HealthDay News — Jarlsberg cheese consumption might have prophylactic effects on osteopenia and metabolic disease, and these effects appear to be specific to Jarlsberg cheese, according to a study published online Aug. 2 in BMJ Nutrition Prevention & Health.
Noting that daily intake of 57 g of Jarlsberg cheese has been shown to increase total serum osteocalcin (tOC), Helge Einar Lundberg, M.D., from Skjetten Medical Center in Norway, and colleagues examined whether this is a general or specific effect. Sixty-six healthy female volunteers were recruited; 41 were randomly allocated to daily intake of 57 g Jarlsberg (J-group) and 27 to daily intake of 25 to 50 g Camembert (C-group). The C-group was switched to Jarlsberg after six weeks.
The researchers found that after six weeks, procollagen type 1 N-terminal propeptide (PINP); tOC; carboxylated osteocalcin (cOC); the osteocalcin ratio, defined as the ratio between cOC and undercarboxylated osteocalcin; and vitamin K2 were significantly increased in the J-group.

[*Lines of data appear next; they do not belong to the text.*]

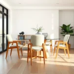 - Обеденный стол: Может быть круглым с массивной мраморной или стеклянной столешницей на хромированном или латунном основании. Прямоугольный стол из лакированного дерева с металлическими ножками также будет выглядеть стильно.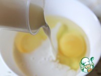 Яйца разбить в миску, влить к ним молоко. |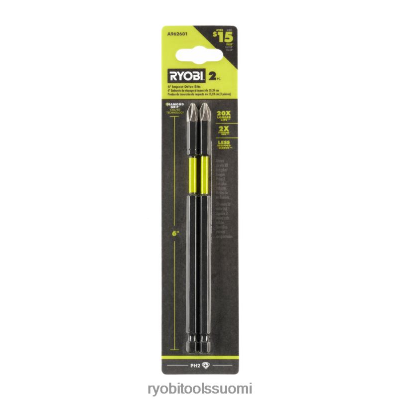 paranna ajovarusteitasi ryobin timanttihiekkapäällysteisellä tekniikalla. ryobi 2 kpl. 6″:n timanttihiekkaisella iskukäyttöterillä on karkaistu kärki, joka parantaa kestävyyttä ja 20x pidemmän käyttöiän. Timanttihiekkapinnoitettu tekniikka pitää myös tiukasti kiinni kiinnittimessä 2x vahvemman otteen ja paremman hallinnan ansiosta, jopa laajemmalla ulottuvuudella. Parannettu kiinnitys tarttuu kiinnittimeen samalla kiristys johtaa vähemmän irrotettuihin ruuveihin. Näissä teräissä on 1/4″ kuusiovarsi, jonka ansiosta ne sopivat suoraan poraistukkaan tai iskuvääntimeen. 6″ terät tarjoavat lisäpituutta vaikeapääsyisiin sovelluksiin. Tämä sarja on täydellinen käyttöteräratkaisu kaikille diyerille ja ammattilaisille, jotka etsivät vähemmän irrotettuja ruuveja ja optimaalista esiajo-ohjausta. täydennä työkaluasikokoelma ensiluokkaisilla ryobi-lisävarusteilla. 2 kpl. 6″:n timanttikarkeudella toimivat iskuterät ovat yhteensopivia tavallisten porien ja iskuvääntimien kanssa, ja ne sisältävät (2) 6″:n ph2-iskuterää.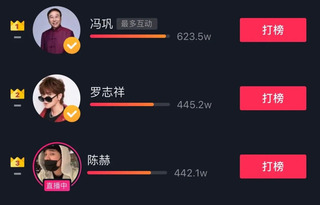 抖音明星爱DOU榜也与微博明星的排行榜并不重合。在抖音,位居前三的是冯巩、罗志祥和陈赫;而微博榜单的前三位则是肖战、蔡徐坤和王一博——这三位艺人同样都入驻了抖音平台,在爱DOU榜上排在30名开外。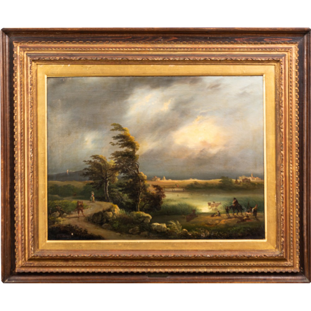 HENDRIK WILLEM MESDAG Paesaggio con personaggi ed armenti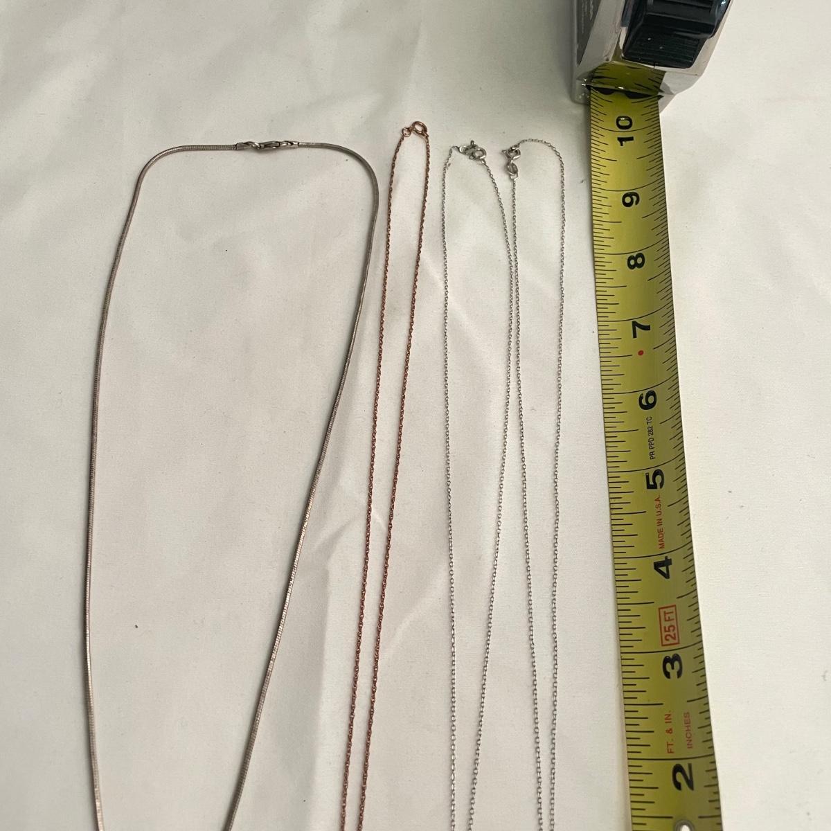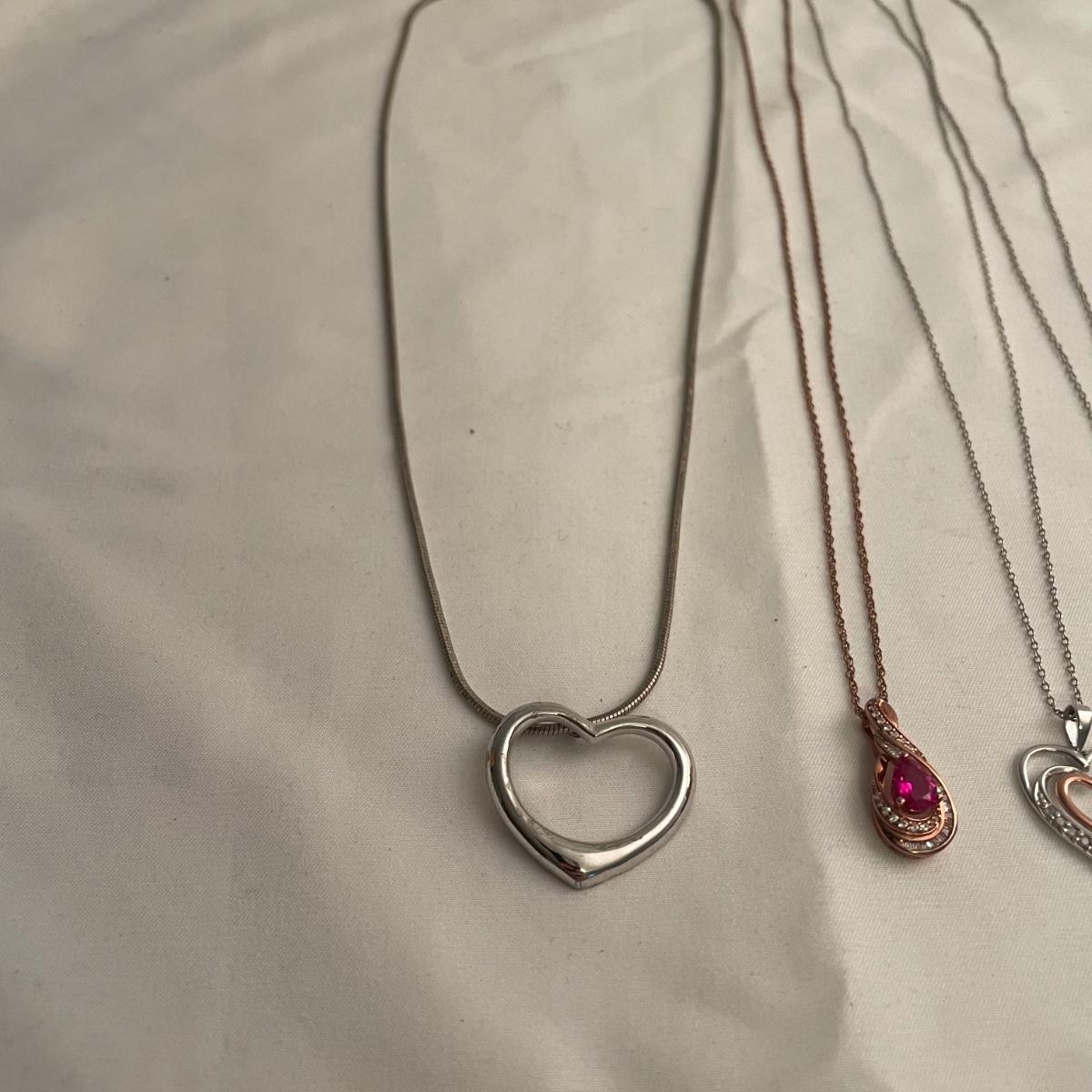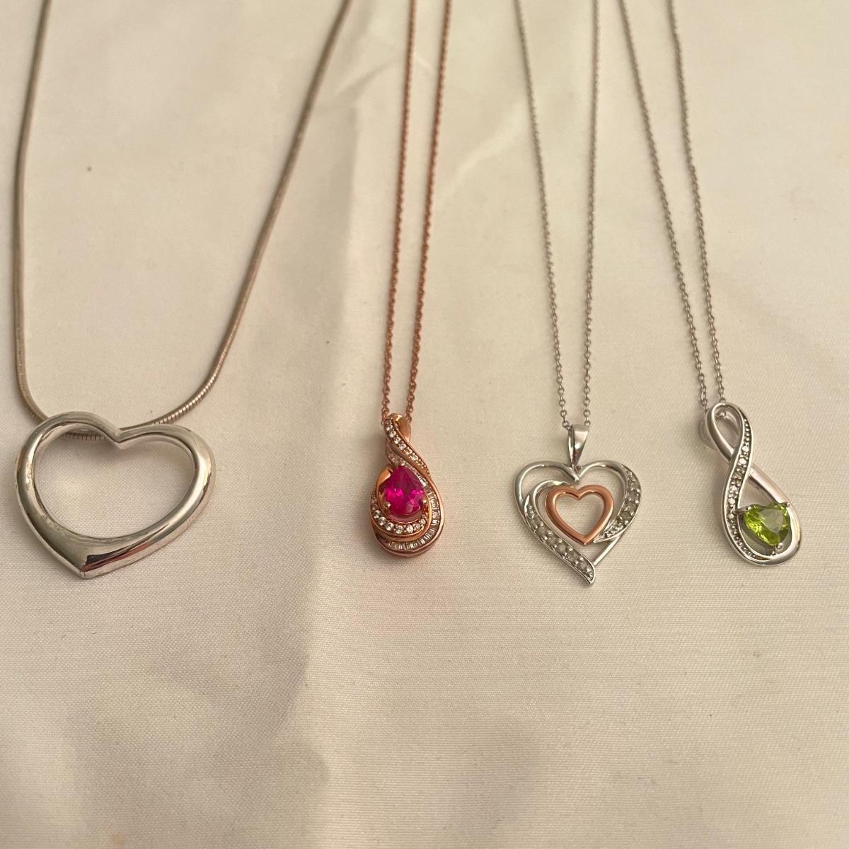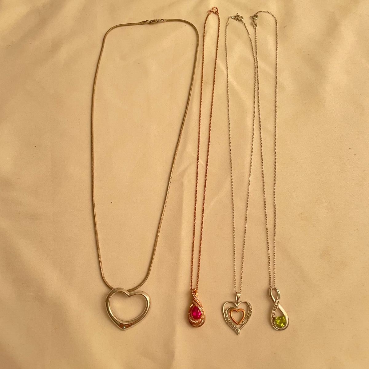 All 4 necklaces are marked 925, see images. No stones can be verified but the green stone does have a box that’s tag says genuine Peridot. The only pendant not marked 925 is the larger heart one.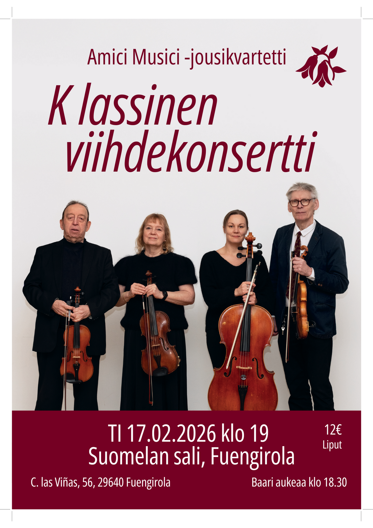 Amici Musici-jousikvartetti, klassinen viihdekonsertti, johtaa Luis Ramirez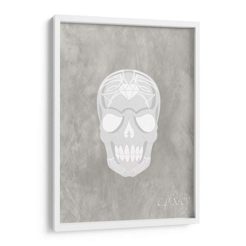 Embárcate en un viaje visual con "Calavera Blanca" de Carlos Pixley, una obra de arte contemporáneo que redefine el simbolismo clásico con un toque moderno y audaz. Esta pieza cautivadora presenta una calavera estilizada, representada en tonos blancos y grises, sobre un fondo texturizado que evoca la sutileza del cemento o el lienzo. La composición se centra en la icónica forma de la calavera, adornada con intrincados detalles geométricos y un diamante brillante en la frente, añadiendo un elemento de lujo y sofisticación. La paleta de colores monocromática y apagada, dominada por el gris, confiere a la obra una atmósfera de misterio, elegancia y contemplación, perfecta para espacios que buscan un toque de intriga sin abrumar. Su diseño minimalista y la claridad de sus líneas la hacen versátil, ideal para complementar la decoración de un salón moderno, un estudio de diseño o incluso un dormitorio con estilo. "Calavera Blanca" no es solo una imagen, es una declaración de intenciones, un reflejo de la dualidad entre la vida y la muerte, lo efímero y lo eterno, invitando a la reflexión y al diálogo en cualquier ambiente. Añade un toque de arte contemporáneo con profundidad a tu hogar u oficina.

In the C-group, PINP remained unchanged. The other variables decreased slightly in the C-group, but after switching to Jarlsberg, they increased significantly. Neither group demonstrated changes in serum cross-linked C-telopeptide type I collagen. Both groups had slight increases in serum lipids. Total cholesterol and low-density lipoprotein cholesterol were significantly reduced with switching to Jarlsberg. In the J-group, glycated hemoglobin, Ca++, and Mg++ were significantly reduced but unchanged in the C-group. Significant decreases were seen for glycated hemoglobin and Ca++ with switching to Jarlsberg.
“These effects reflect increased bone anabolism and a possible reduced risk of adverse metabolic outcomes,” the authors write.